• Your instructions:
At the line containing "Grain orientations used", begin an exact copy of the lines below and continue through the final one, with no pictures.
======== Available records
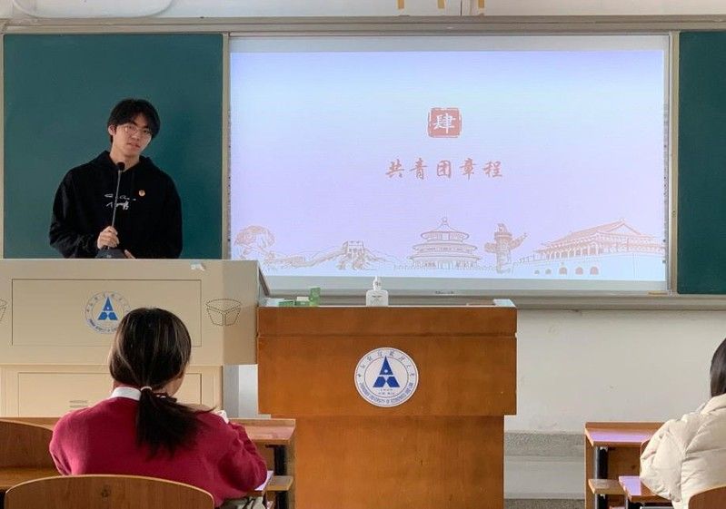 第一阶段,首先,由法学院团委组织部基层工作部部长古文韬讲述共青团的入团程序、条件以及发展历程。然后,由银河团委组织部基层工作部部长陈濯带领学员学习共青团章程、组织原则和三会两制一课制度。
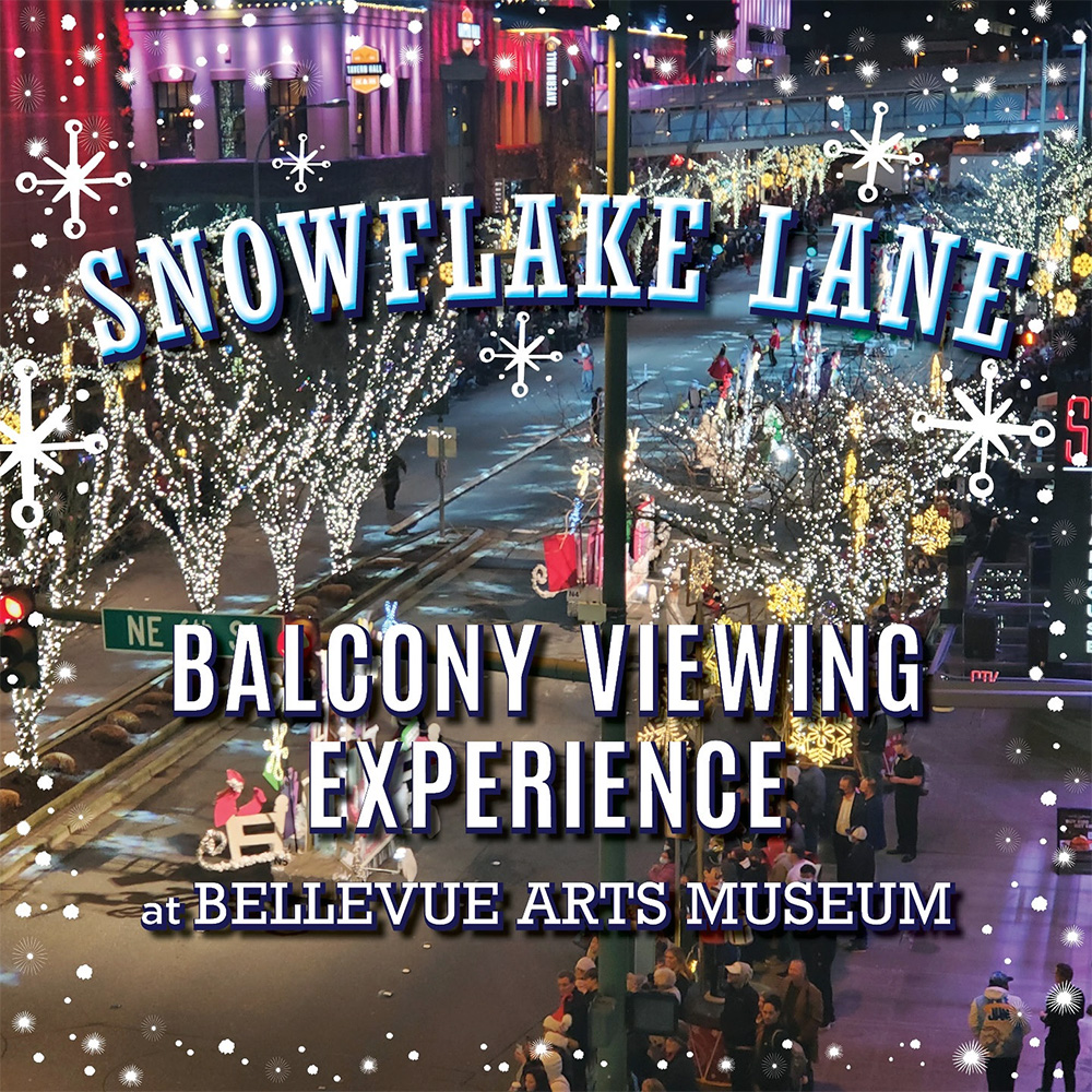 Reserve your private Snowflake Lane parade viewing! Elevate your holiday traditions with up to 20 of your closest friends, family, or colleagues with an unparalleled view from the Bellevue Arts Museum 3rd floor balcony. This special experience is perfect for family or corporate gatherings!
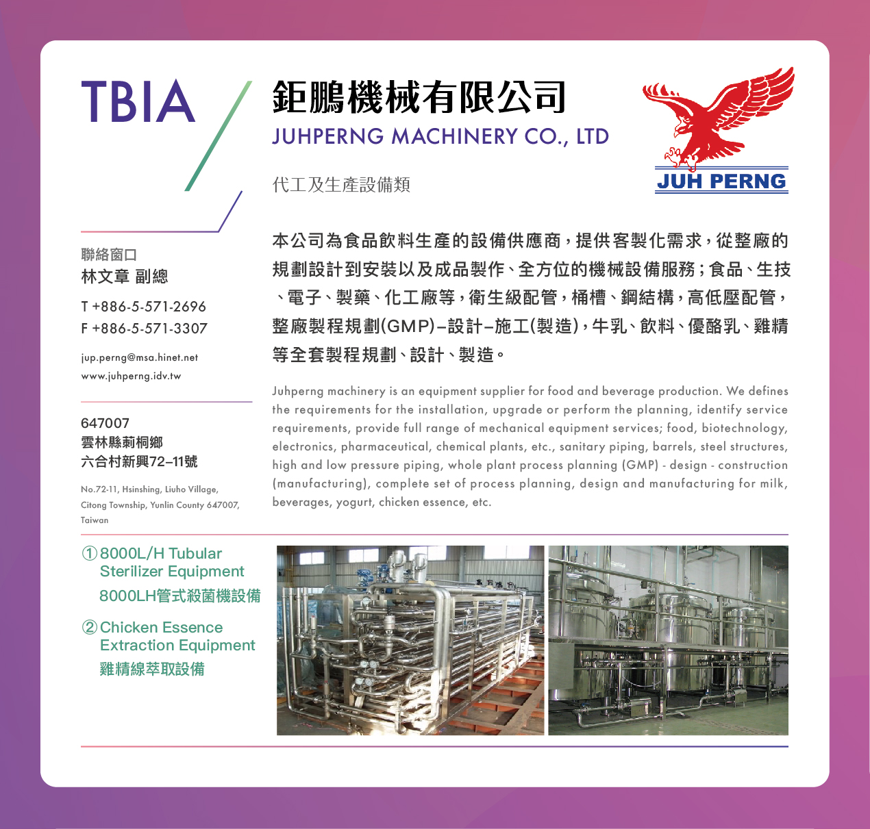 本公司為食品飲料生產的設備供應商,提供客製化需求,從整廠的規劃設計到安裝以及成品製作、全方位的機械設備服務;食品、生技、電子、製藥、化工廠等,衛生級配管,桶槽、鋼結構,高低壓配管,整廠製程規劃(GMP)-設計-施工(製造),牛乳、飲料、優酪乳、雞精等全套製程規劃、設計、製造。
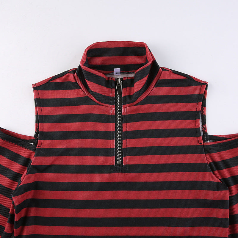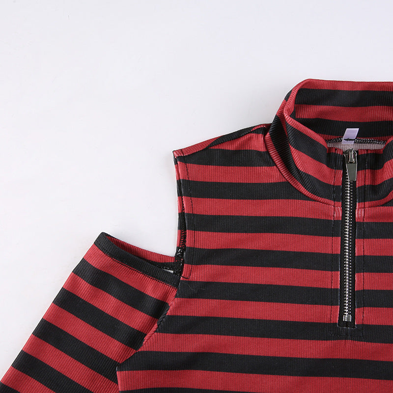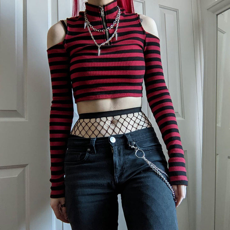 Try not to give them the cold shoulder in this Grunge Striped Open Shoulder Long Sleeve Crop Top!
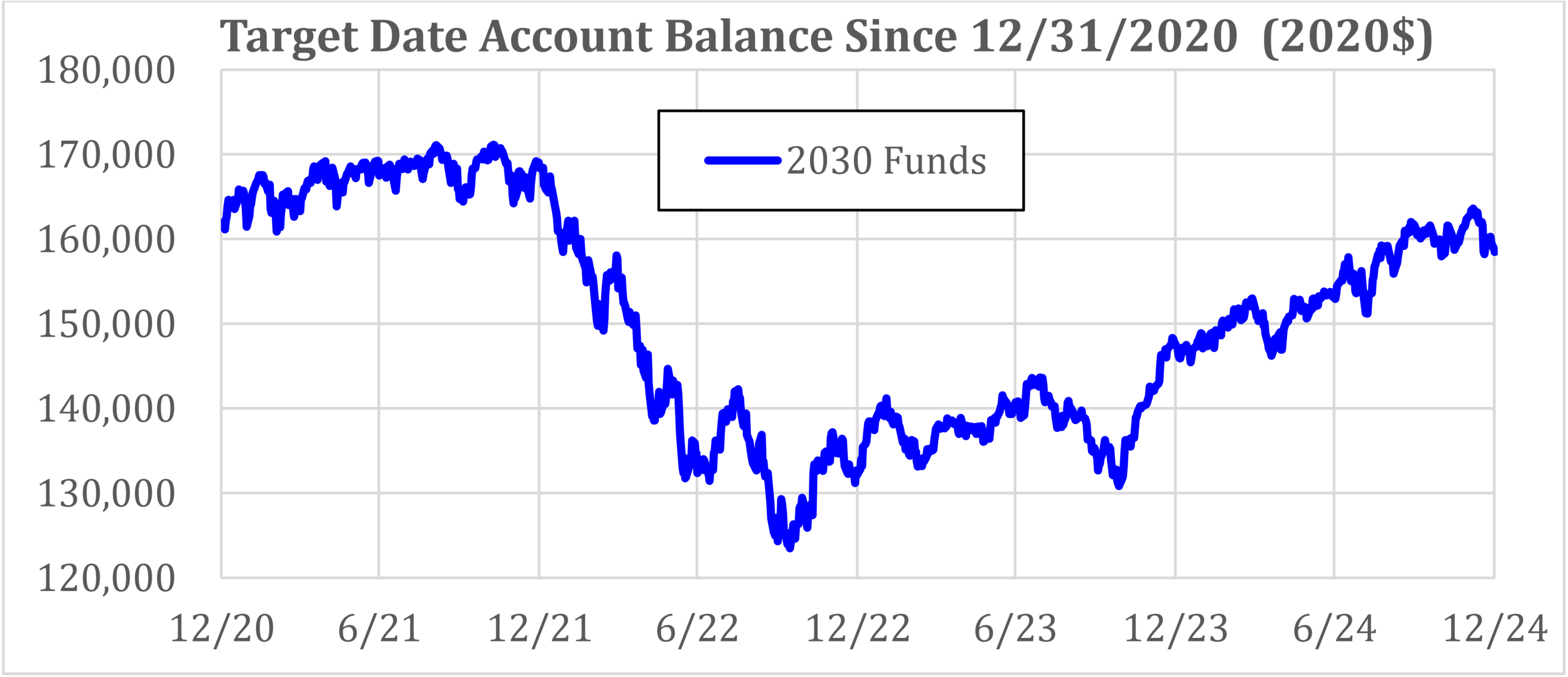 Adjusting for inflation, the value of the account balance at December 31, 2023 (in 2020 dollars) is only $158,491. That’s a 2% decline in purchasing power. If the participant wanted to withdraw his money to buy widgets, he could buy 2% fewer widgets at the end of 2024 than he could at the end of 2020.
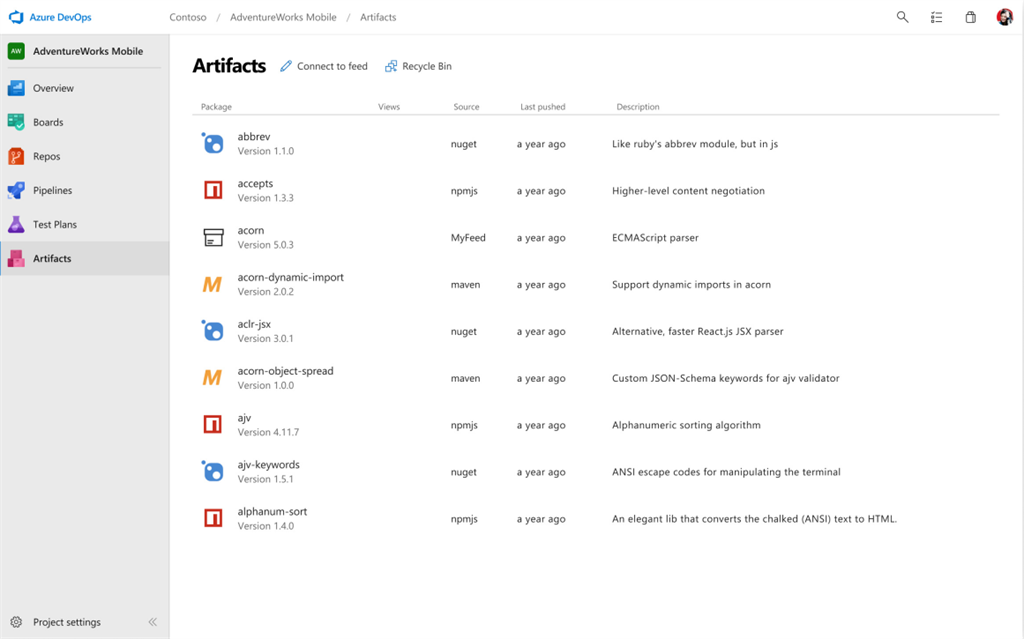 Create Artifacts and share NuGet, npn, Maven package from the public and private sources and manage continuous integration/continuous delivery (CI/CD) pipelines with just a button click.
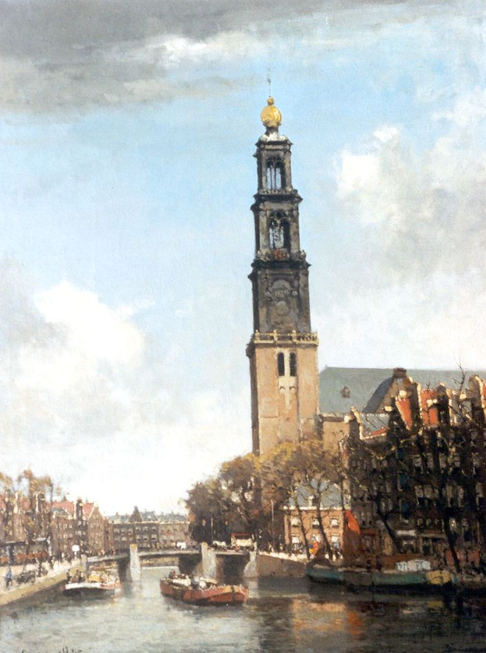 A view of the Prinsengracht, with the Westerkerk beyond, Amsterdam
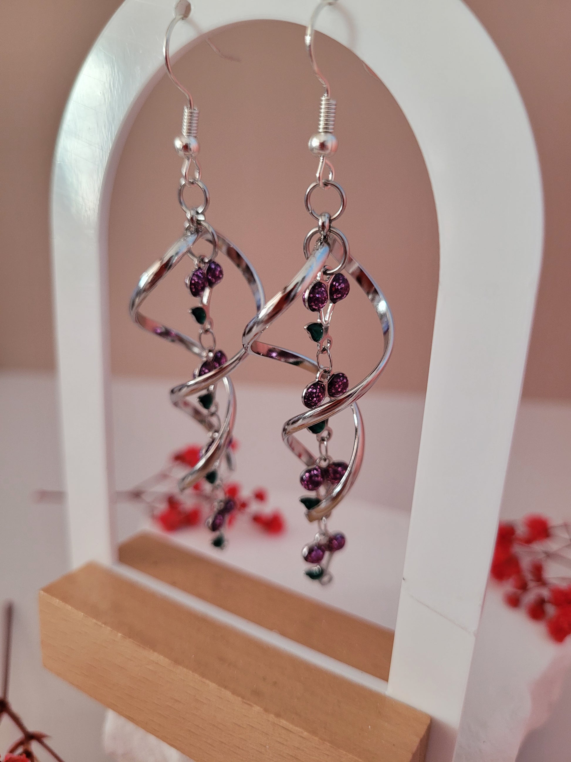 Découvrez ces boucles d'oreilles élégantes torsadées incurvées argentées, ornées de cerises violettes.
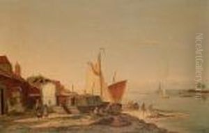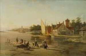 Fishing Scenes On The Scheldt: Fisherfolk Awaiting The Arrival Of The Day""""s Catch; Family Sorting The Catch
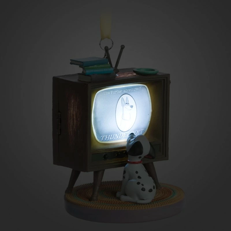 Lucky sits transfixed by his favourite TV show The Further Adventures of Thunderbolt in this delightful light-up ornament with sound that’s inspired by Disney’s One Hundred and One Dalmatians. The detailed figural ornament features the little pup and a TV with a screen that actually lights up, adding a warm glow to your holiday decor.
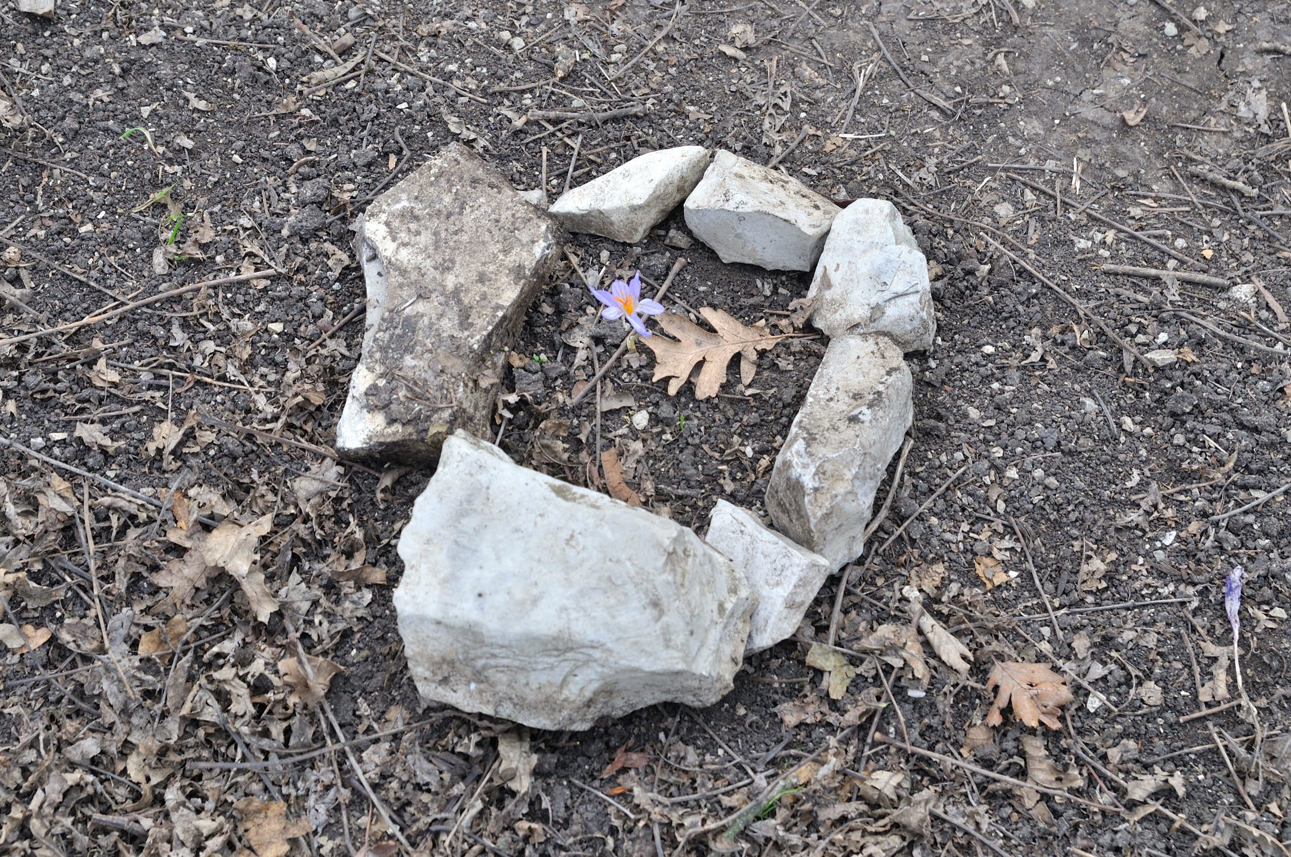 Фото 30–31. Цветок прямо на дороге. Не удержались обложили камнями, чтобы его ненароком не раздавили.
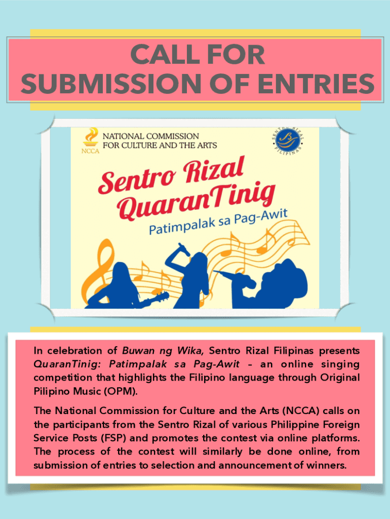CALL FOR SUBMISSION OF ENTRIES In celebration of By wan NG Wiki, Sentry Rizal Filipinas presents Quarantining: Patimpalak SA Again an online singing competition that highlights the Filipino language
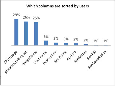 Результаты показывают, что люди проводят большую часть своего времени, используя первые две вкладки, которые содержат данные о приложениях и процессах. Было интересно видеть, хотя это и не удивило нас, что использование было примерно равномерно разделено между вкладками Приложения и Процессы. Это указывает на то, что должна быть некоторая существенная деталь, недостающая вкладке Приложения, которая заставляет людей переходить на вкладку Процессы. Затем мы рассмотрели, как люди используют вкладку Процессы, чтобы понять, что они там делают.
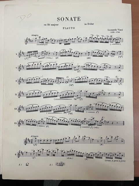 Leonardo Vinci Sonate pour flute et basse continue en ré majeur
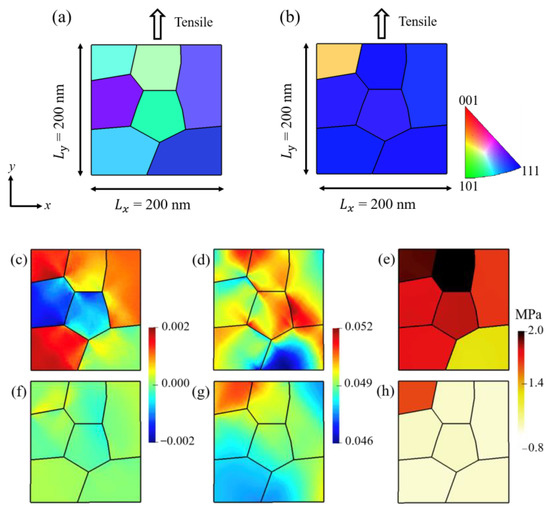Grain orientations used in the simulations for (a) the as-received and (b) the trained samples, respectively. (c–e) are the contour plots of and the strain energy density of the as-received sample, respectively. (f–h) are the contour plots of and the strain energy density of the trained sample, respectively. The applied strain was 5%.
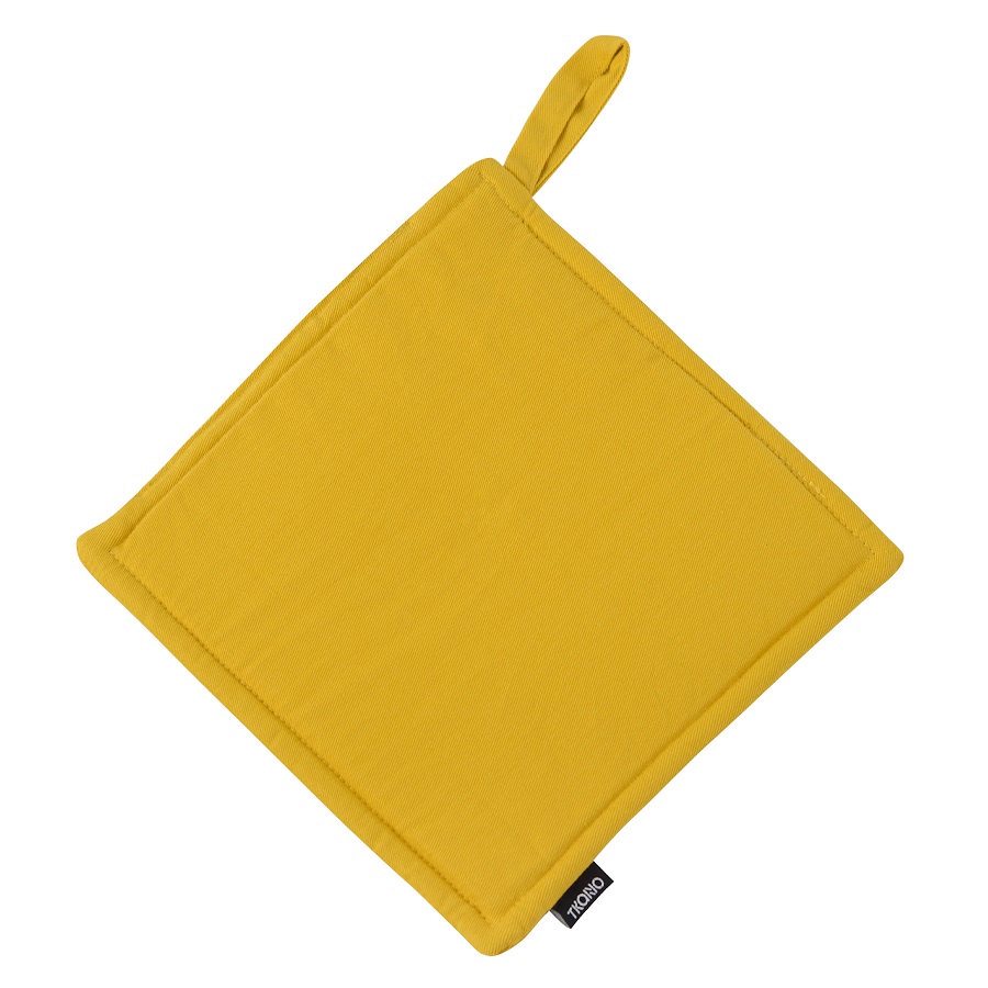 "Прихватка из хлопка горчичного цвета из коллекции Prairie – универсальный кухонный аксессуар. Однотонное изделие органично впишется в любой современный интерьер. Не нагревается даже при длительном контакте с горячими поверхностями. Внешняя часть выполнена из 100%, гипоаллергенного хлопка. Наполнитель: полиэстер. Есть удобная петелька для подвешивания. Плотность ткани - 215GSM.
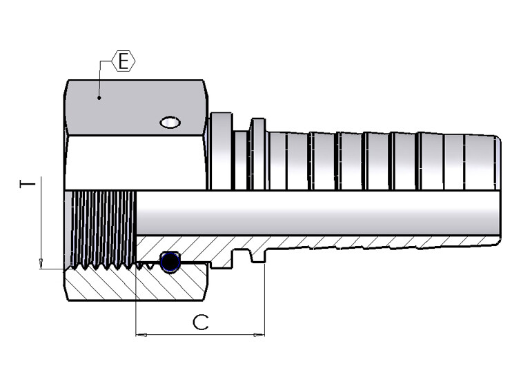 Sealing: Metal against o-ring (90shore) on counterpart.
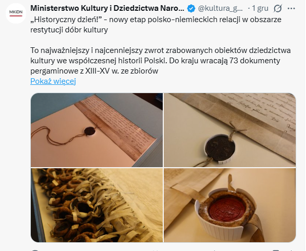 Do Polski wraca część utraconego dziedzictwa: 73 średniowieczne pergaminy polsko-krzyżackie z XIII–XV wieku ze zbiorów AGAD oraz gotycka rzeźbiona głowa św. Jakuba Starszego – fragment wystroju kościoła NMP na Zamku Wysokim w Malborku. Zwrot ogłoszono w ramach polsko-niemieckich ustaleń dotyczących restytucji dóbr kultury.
================
• Result of this task:
Grain orientations used in the simulations for (a) the as-received and (b) the trained samples, respectively. (c–e) are the contour plots of and the strain energy density of the as-received sample, respectively. (f–h) are the contour plots of and the strain energy density of the trained sample, respectively. The applied strain was 5%.
 "Прихватка из хлопка горчичного цвета из коллекции Prairie – универсальный кухонный аксессуар. Однотонное изделие органично впишется в любой современный интерьер. Не нагревается даже при длительном контакте с горячими поверхностями. Внешняя часть выполнена из 100%, гипоаллергенного хлопка. Наполнитель: полиэстер. Есть удобная петелька для подвешивания. Плотность ткани - 215GSM.
 Sealing: Metal against o-ring (90shore) on counterpart.
 Do Polski wraca część utraconego dziedzictwa: 73 średniowieczne pergaminy polsko-krzyżackie z XIII–XV wieku ze zbiorów AGAD oraz gotycka rzeźbiona głowa św. Jakuba Starszego – fragment wystroju kościoła NMP na Zamku Wysokim w Malborku. Zwrot ogłoszono w ramach polsko-niemieckich ustaleń dotyczących restytucji dóbr kultury.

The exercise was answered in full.